> **Given material**
%%

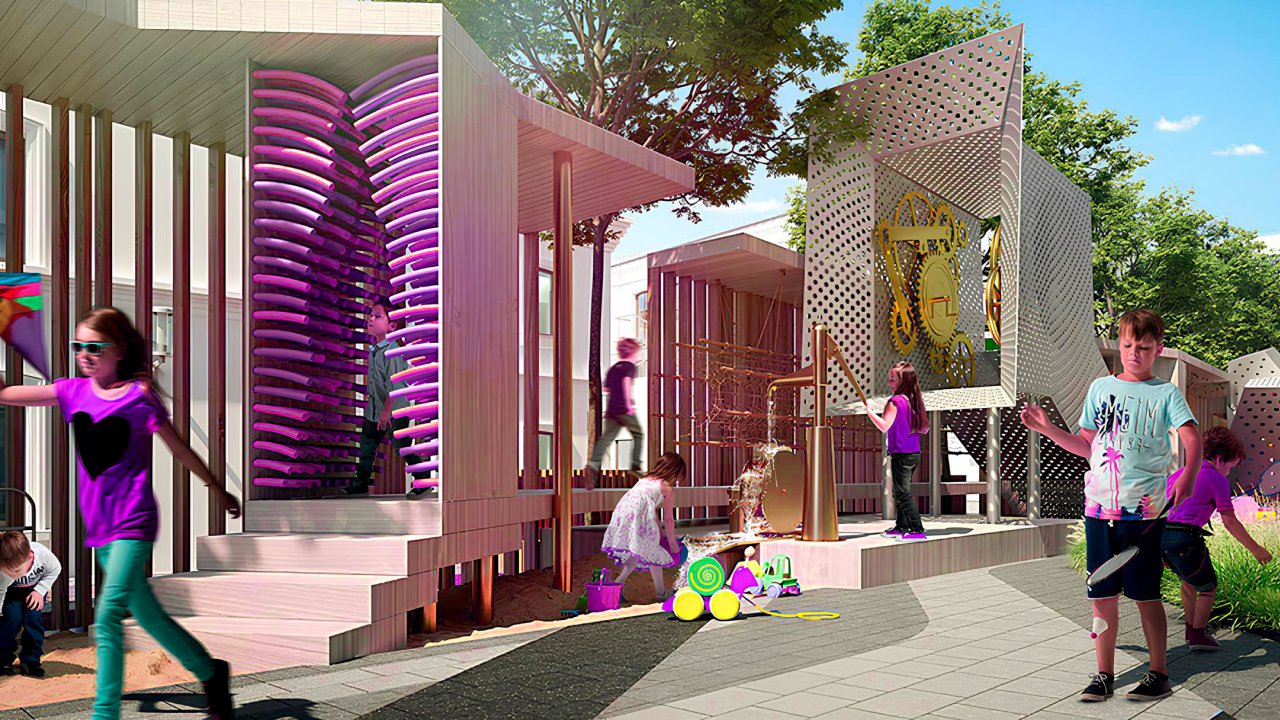 Фиолетовый символизирует мудрость, развитие и воображение, а жёлтый — радость, энергию и солнце, создавая гармоничный баланс между интеллектом и игрой, взрослыми и детьми.
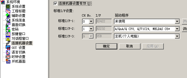 1、使用三菱PLC電纜QC30R2通過(guò)RS232方式與PLC通訊,PLC端不用做任何設(shè)置。而三菱觸摸屏GT11系列如下圖所示:
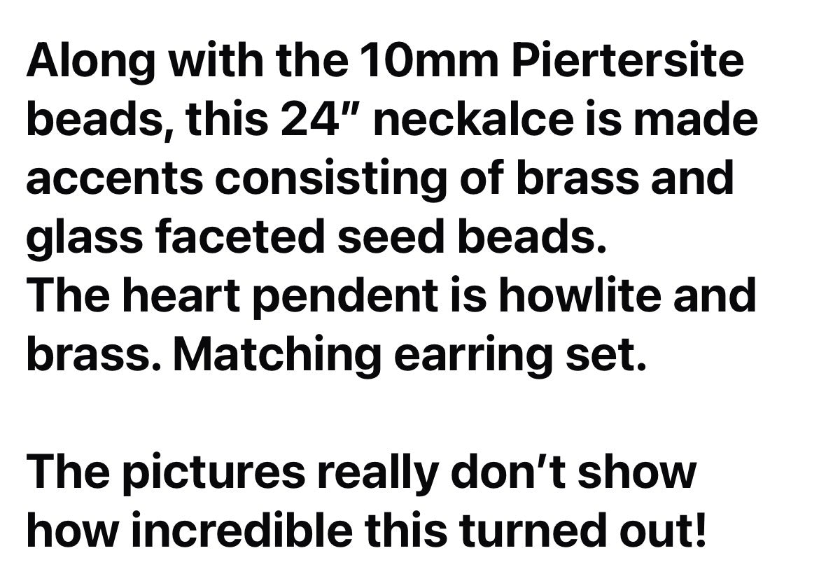 Earring and Necklace Set - Howlite Heart, Pietersite Beads and Brass

%%

Write the material above out again exactly. Omit every image.

> **Task output**
 Фиолетовый символизирует мудрость, развитие и воображение, а жёлтый — радость, энергию и солнце, создавая гармоничный баланс между интеллектом и игрой, взрослыми и детьми.
 1、使用三菱PLC電纜QC30R2通過(guò)RS232方式與PLC通訊,PLC端不用做任何設(shè)置。而三菱觸摸屏GT11系列如下圖所示:
 Earring and Necklace Set - Howlite Heart, Pietersite Beads and Brass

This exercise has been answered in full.